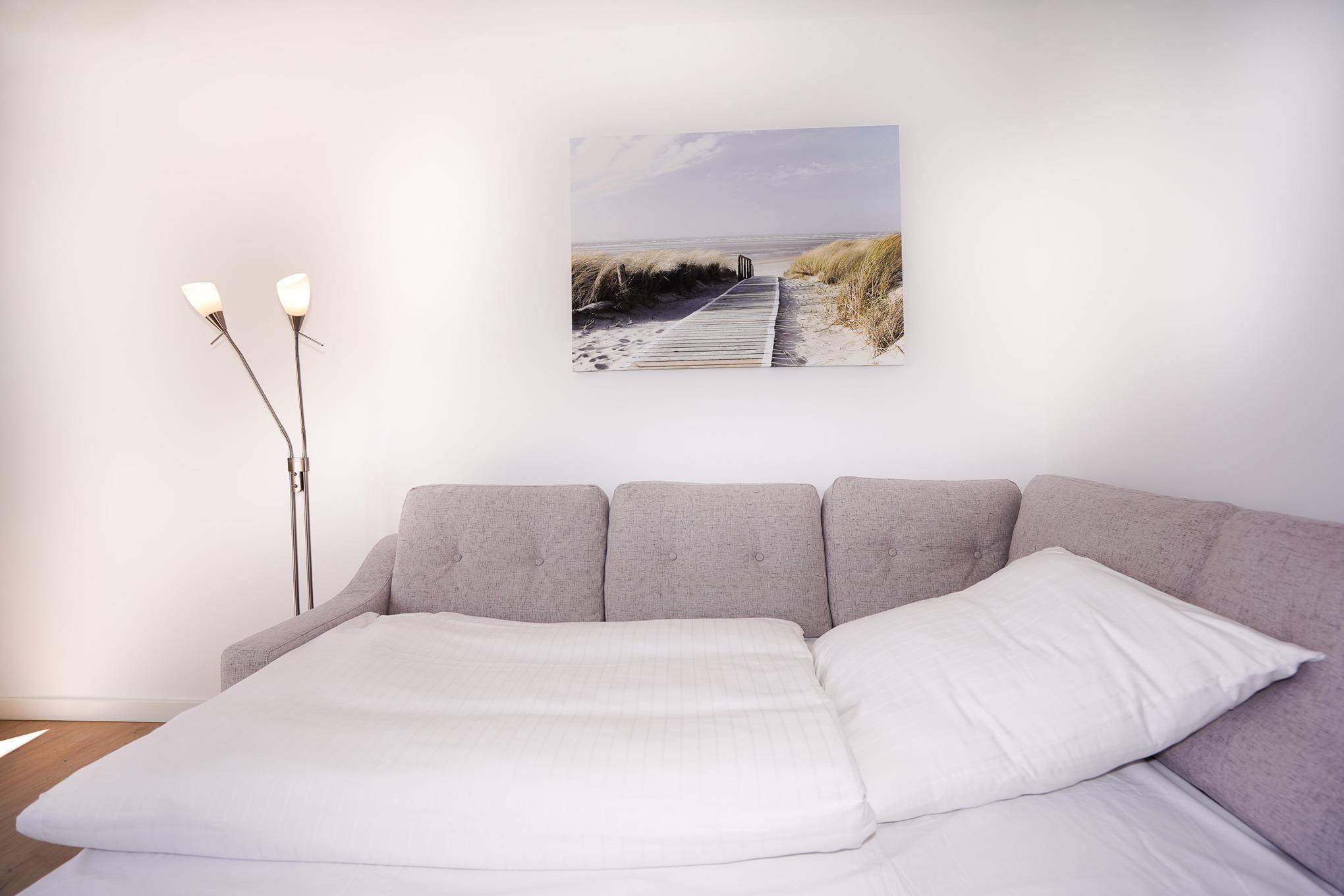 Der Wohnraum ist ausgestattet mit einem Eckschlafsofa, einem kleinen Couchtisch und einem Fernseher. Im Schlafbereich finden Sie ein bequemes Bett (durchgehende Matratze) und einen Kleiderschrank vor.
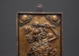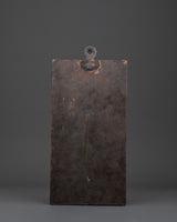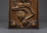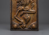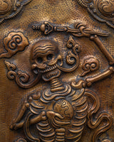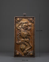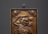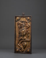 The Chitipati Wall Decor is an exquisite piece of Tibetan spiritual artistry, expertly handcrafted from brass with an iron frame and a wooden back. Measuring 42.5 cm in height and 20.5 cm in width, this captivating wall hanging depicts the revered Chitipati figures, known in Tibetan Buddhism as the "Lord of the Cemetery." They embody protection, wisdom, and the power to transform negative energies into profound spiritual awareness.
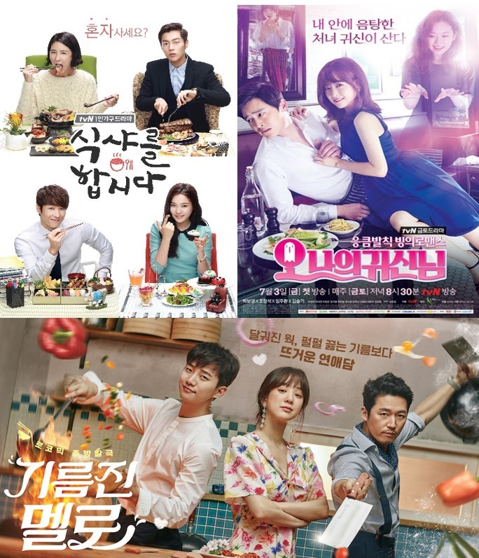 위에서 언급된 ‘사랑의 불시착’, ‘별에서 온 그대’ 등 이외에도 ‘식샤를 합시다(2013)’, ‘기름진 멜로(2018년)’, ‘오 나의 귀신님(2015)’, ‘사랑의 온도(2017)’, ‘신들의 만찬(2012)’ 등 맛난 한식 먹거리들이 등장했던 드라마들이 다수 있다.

++++

Problem requirements
Please copy out the whole listing exactly, minus its pictures.

The answer
 Der Wohnraum ist ausgestattet mit einem Eckschlafsofa, einem kleinen Couchtisch und einem Fernseher. Im Schlafbereich finden Sie ein bequemes Bett (durchgehende Matratze) und einen Kleiderschrank vor.
 The Chitipati Wall Decor is an exquisite piece of Tibetan spiritual artistry, expertly handcrafted from brass with an iron frame and a wooden back. Measuring 42.5 cm in height and 20.5 cm in width, this captivating wall hanging depicts the revered Chitipati figures, known in Tibetan Buddhism as the "Lord of the Cemetery." They embody protection, wisdom, and the power to transform negative energies into profound spiritual awareness.
 위에서 언급된 ‘사랑의 불시착’, ‘별에서 온 그대’ 등 이외에도 ‘식샤를 합시다(2013)’, ‘기름진 멜로(2018년)’, ‘오 나의 귀신님(2015)’, ‘사랑의 온도(2017)’, ‘신들의 만찬(2012)’ 등 맛난 한식 먹거리들이 등장했던 드라마들이 다수 있다.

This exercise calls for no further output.